-- INFORMATION SHOWN follows --

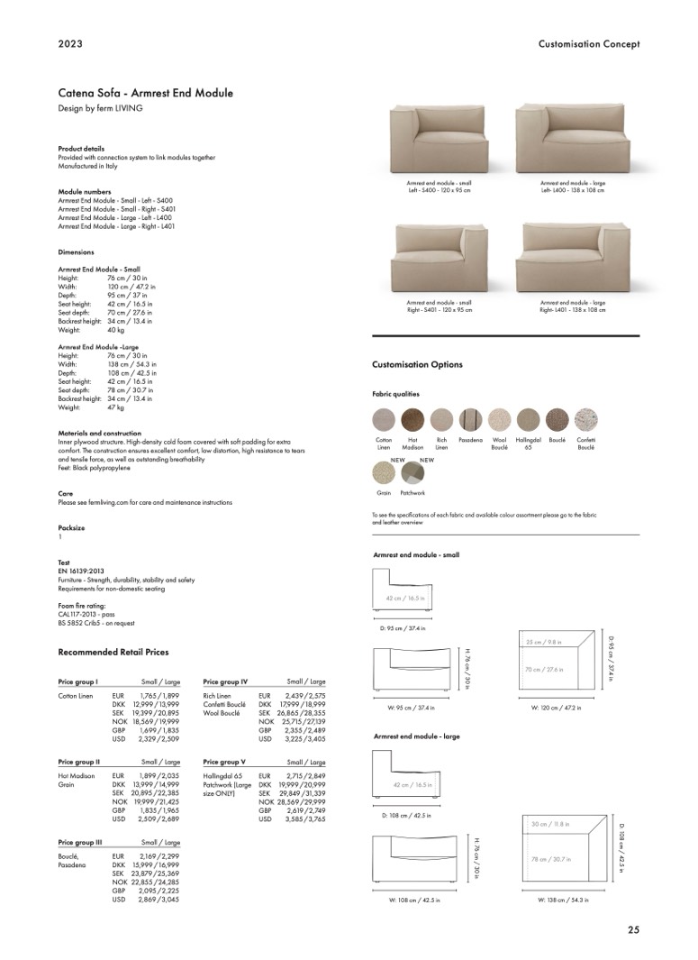 Armrest End Module - Small - Right - S401
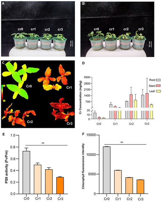 Impact of varying Cr6+ concentrations on sunflower seedlings. (A) Image depicting sunflower growth prior to Cr6+ treatment. (B) Image depicting sunflower growth subsequent to Cr6+ treatment. (C) The Fv/Fm value of sunflowers subjected to various Cr6+ treatments was captured using a chlorophyll fluorescence camera. A redder hue indicates a lower Fv/Fm ratio. (D) Chromium concentrations in various organs of sunflowers subjected to various treatments. (E,F) The Fv/Fm and chlorophyll fluorescence intensity values of sunflowers subjected to various chromium treatments. Utilizing the t-test, ** denotes p < 0.05. Cr0 indicates the absence of Cr, Cr1 signifies 50 mg/kg of Cr, Cr2 denotes 100 mg/kg of Cr, and Cr3 represents 250 mg/kg of Cr.
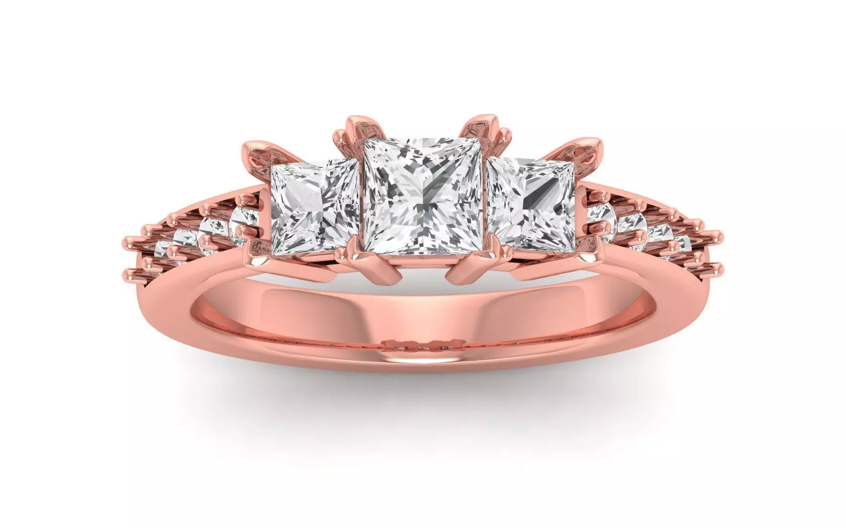 Three Stone Princess Ring Wedding Engagement Women Ring 3D print model
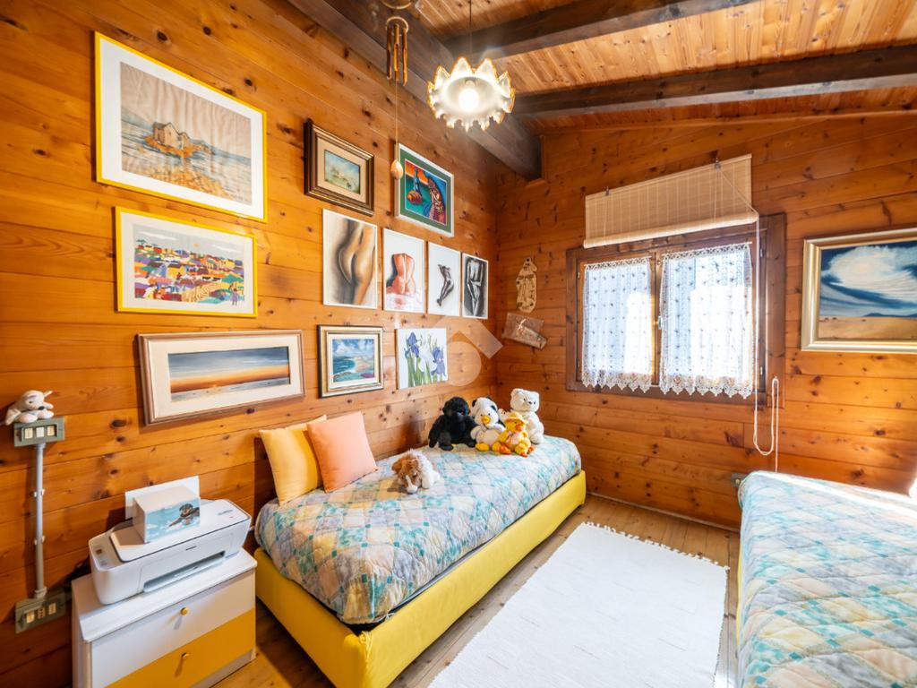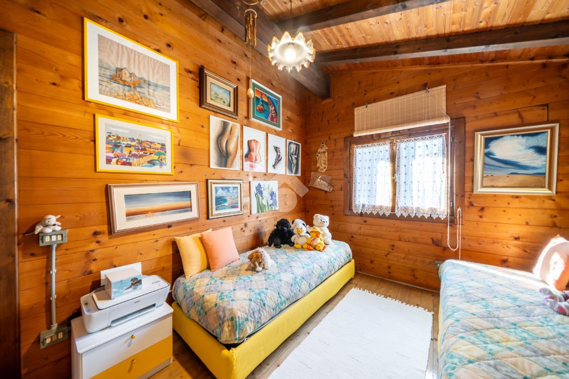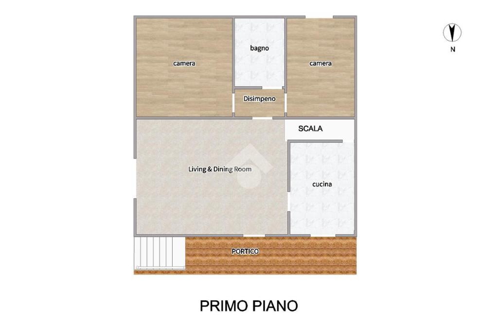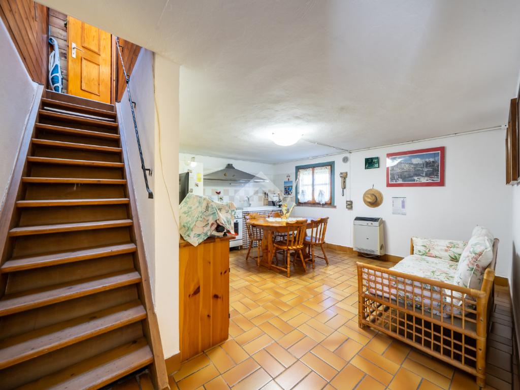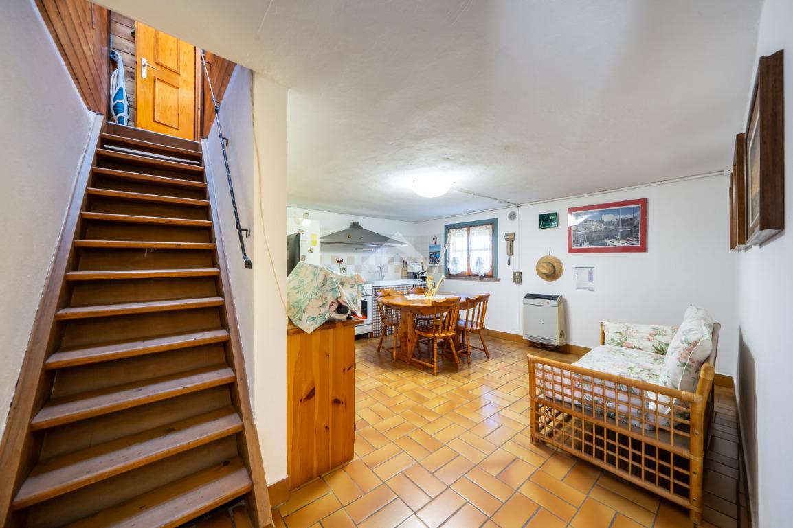 - al piano primo troviamo la balconata coperta che accompagna all'ingresso dell'abitazione direttamente sul soggiorno, cucina abitabile, disimpegno notte, due camere da letto (una matrimoniale ed una singola) e bagno;

-- INFORMATION SHOWN concluded --

THE TASK
Leaving every picture aside, transcribe exactly the lines from the one that contains "Three Stone Princess" through the final line of the listing above, inclusive.

COMPLETED EXERCISE
 Three Stone Princess Ring Wedding Engagement Women Ring 3D print model
 - al piano primo troviamo la balconata coperta che accompagna all'ingresso dell'abitazione direttamente sul soggiorno, cucina abitabile, disimpegno notte, due camere da letto (una matrimoniale ed una singola) e bagno;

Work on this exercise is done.